Djô d’Eloy grew up in a musical family (nephew of Eddy Moreno and Djuta Silva) and this is how his cousin Val Xalino remembers certain family nights: “My father Armando on the guitar, his mother Guida on the guitar, our uncle Eduardo on the guitar, and my brother Zuca on the cavaquinho, they all sang with great melancholic voices and it was a limitless cry of mornas, they were our music school”, describes the musician in an interview with the newspaper A Semana online (03.16.2008).  

This school made Djo d’Eloy a composer sought after by different performers, such as Bana, Cesária Évora, Djosinha, Dudu Araújo, among others.  
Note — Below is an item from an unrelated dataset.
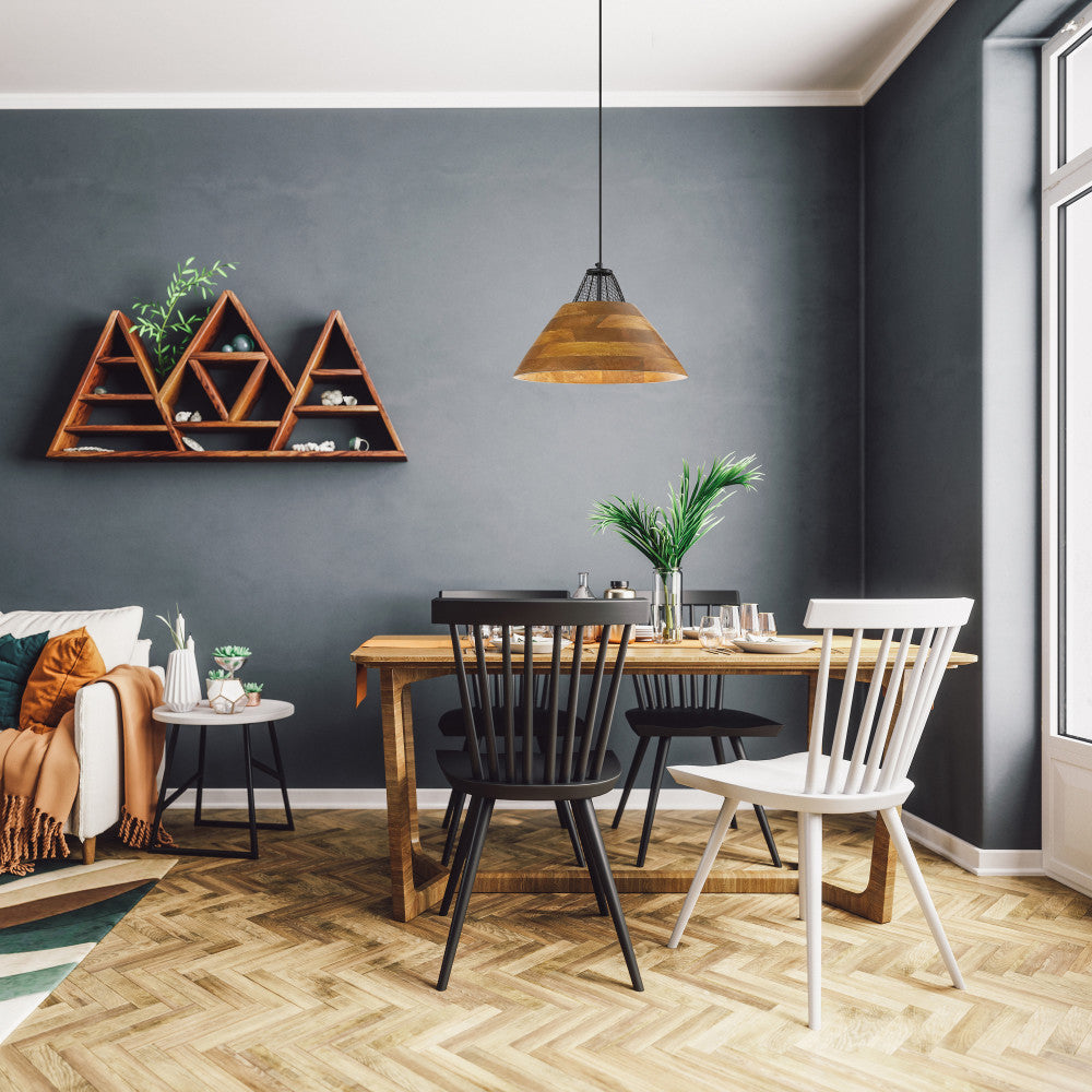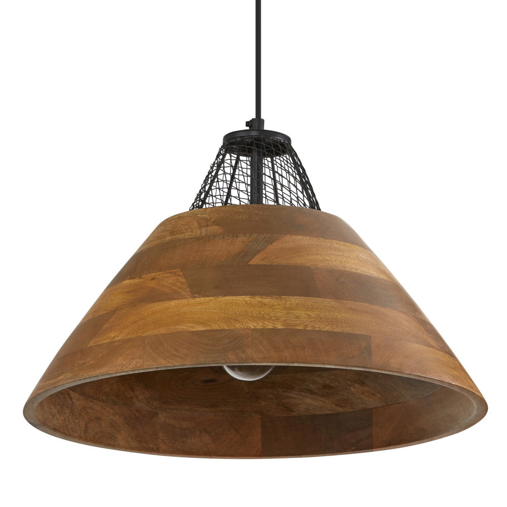 Pendant light with mango wood cone shade

Despite being a constant presence at musical nights in the Cape Verdean community in Massachusetts, Djô d’Eloy never made a living from music. He was working as a security guard at a bank when he died in a car accident. In Cape Verde he worked at the National Travel Agency on his home island and temporarily on the island of Fogo, as mentioned on the website Caboverdeonline.com (06.04.2005, no longer available), at the time of his death. This publication states that the lyrics of his mornas and koladeras “depict the day-to-day life of the people from Mindelo, in the same vein as Manuel d’Novas and other composers from São Vicente”.  

Discography 

  • Cabo Verde nos Berço, cassete, ed. de autor, Canadá, date? 
  • Celina, ed. de autor, EUA, 1997. 
  • Participation, with the song “Matrimónio d’agora”, CD First Edition’ 97 (Paley Spencer, Jack da Rosa and others), 1997. 

Compositions 

Ba bo Vida; Bo Dor; Canalim tchaina; Celina; Contame bo Vida; Fexe de Paia; Gilda; Ina; John d´Guida; Lucy d´Nho Morgode; Nhos e linguarode; Reanima; Tchal bai; Terra di Nhas Pais; Tudo sis nome.